I have never owned a house, not for want of financial wherewithal, but rather owing to a nomadic temperament. I see the appeal but never in my adult life have I been adequately confident that I would want to remain in my present configuration more than two additional years. This has seen me flowing through a variety of configurations, each of which has offered uniquely wonderful facets in the moment and afterward had me pining for a former way of being at odds with my present reality.
In the year after undergrad I stayed in Boston to work with a group at Tufts Medical school who had provided me part-time employment over the previous two years. They lacked the budget to take me on full time yet nonetheless provided a very generous salary and full benefits for ~25 hours/week of work. This left me with an exorbitant amount of free-time while enjoying a delightful blend of office-time and city-life whereas various friends went off to the insane grind of 100 hour/week death marches in law, finance, and tech. In the wake of my senior year, which included such traumas as 9/11, waking up during a burglary in progress, losing two pets I had had over a decade, and assorted other drama, this offered just the period of decompression I needed. The forgiving nature of my professional schedule allowed me to get to the gym often enough to get the most ripped I have been in my life.
My two years at Johns Hopkins for graduate school provided an opportunity for a depth of mania perhaps unparalleled in the rest of my life. I opted to cram two masters into four semesters which provided a wealth of learning. Yet one experience stands out among all of this. Hopkins is fairly unique in the extremely long winter break it provides, roughly a full month circa my tenure. I remember during the 2003-2004 winter break I essentially spent a month sequestered in my apartment executing a deep dive on Linux arcana unrivaled by any other period in my life. I recall one occasion where a delivery person arrived at my apartment with some Chinese food and I could scarcely croak out “thanks” as my voice was cracking from countless days of disuse. One ought be careful with such behavior lest it precipitate a descent into madness, but such cocoon periods can prove staggeringly effective at quickly developing shockingly deep expertise. Moderation in everything, including moderation…
My time in government service offered something exceptionally unique in the way of professional experience. At peak moments a magical combination of mission and camaraderie provided a sense of purpose and flow that I struggle to reproduce to this day. Crazy intense work to build and operate systems where matters of life-and-death were the literal stakes, punctuated by lunch breaks, impromptu brainstorming sessions, and volleyball/soccer games with people whom I deeply respected and were helping me make these systems real, created a sense of meaning, engagement, and community that I gather precious few people ever get to truly experience. I won’t lie and pretend that at times the bureaucracy and politicking weren’t maddening but in the end it proved well worth it and I ache from its absence.
Many things about my time at Bridgewater Associates were exasperating owing to having joined at a tumultuous time in the company’s arc. Nonetheless I cannot point at any other phase of my life and assert honestly that it provided a more dense period of personal growth. The company’s culture was fanatically focused on reflection, open-mindedness, rigorous thinking, and evolution to an extent that almost anywhere else I may go will likely prove a disappointment in these regards.
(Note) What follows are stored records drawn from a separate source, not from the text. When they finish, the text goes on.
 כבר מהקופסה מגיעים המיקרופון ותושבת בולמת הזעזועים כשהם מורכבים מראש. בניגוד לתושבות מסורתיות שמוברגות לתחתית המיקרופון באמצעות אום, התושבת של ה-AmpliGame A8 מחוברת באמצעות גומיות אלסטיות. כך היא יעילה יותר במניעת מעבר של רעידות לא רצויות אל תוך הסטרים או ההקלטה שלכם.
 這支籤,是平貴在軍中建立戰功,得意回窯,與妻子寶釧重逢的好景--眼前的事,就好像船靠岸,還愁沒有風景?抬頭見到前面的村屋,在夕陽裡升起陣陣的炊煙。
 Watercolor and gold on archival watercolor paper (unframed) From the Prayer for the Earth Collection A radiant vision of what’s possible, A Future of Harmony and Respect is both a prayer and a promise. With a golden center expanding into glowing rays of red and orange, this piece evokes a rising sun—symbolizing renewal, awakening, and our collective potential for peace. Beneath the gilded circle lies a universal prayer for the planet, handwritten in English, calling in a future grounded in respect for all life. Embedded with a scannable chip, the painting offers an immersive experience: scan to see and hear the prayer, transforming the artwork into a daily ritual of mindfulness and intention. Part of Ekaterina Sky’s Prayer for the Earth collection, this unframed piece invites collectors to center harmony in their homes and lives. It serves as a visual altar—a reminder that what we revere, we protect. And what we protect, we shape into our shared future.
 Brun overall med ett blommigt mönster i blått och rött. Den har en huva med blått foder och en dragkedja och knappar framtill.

You might arrive thinking of their catered lunch as a perk but in fact it is a brilliant approach to stirring a cauldron of bright minds to ensure the mixing of thought stuff to yield innovative thinking. I miss the integrity and energy that characterized the majority of the people working there.
My time living in Columbus and working for a small startup company brought together a variety of benefits I had previously only experienced in isolation. For my first time I found myself both living and working in a walkable urban environment. I lived a fifteen minute walk from the office and the area offered a smorgasbord of great restaurants. I would rack up ten thousand steps without trying between my “commute” and lunch break. My co-workers evinced a rare intensity and commitment. While many facets of this experience proved deeply frustrating, exhausting, and disappointing, there was also much that was profoundly wonderful.
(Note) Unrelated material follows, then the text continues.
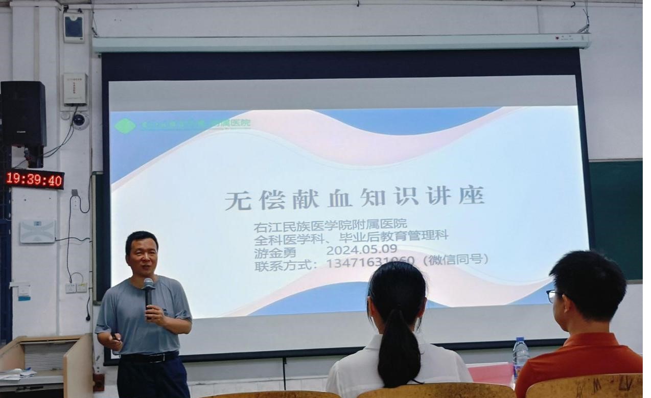 5月9日,由beat365英国官方网站青年志愿者协会医学检验学院分会承办的医学检验学院党委、beat365英国官方网站附属医院医学检验科、百色市中心血站联合举办的主题为“汇聚青春正能量,无偿献血传爱心”的义务献血宣讲活动在百城校区4-501教室举行。学院2022级全体学生参加本次宣讲活动。

And now I find myself in a configuration both otherworldly wonderful and weirdly alienating. I inhabit an outdoorsman’s paradise while running a consulting business that offers supreme flexibility to enjoy said paradise. Within this arrangement I have had the focus to quickly knock out my first paragliding rating and to rack up more skiing days within a month than I have in entire previous seasons. I deeply appreciate the relationships I have with my customers, have learned a great deal from them, and had a big impact on their outcomes. I do, however, find various voids in my life deeply discomfiting. I love the wilderness, but I also miss city life. I love the flexibility of my work arrangement, but I miss the intensity, focus, and serendipity of office life. Remote work with a flexible schedule is both wonderful and terrible.
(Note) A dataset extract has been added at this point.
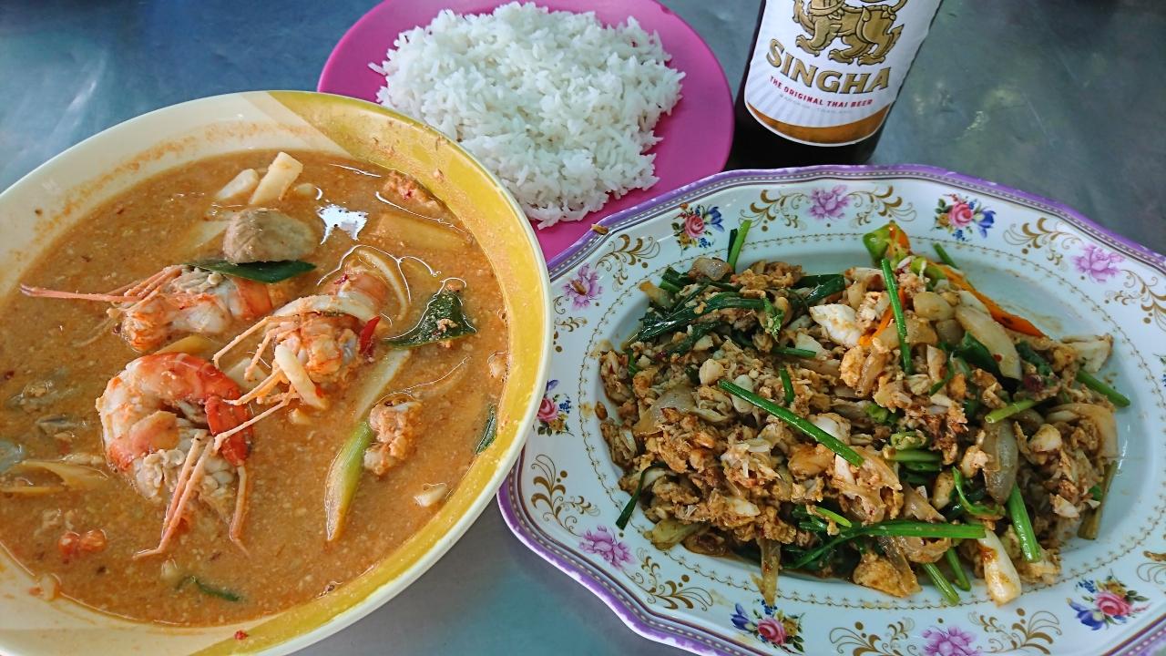 トムヤムクン150b・プーパッポンカリー200b・ライス10b・ビール80b。

This has me thinking of the tongue-in-cheek lament of the guy who ran the ground school portion of my PP-ASEL training a few years ago: “I just want a big house on a generous plot of land in the city next to an airstrip and a marina. Is that too much to ask?”. To me that sounds too unambitious… I also want the city to be a tech hub and foodie paradise as well as the house to be adjacent to mountains with champagne snow and buttery air. A boy can dream… In the meanwhile he can savor the best of what the present has to offer, exploiting it to the fullest while mourning the things he loved and lost and pondering how best to architect the next chapter in a post-pandemic era.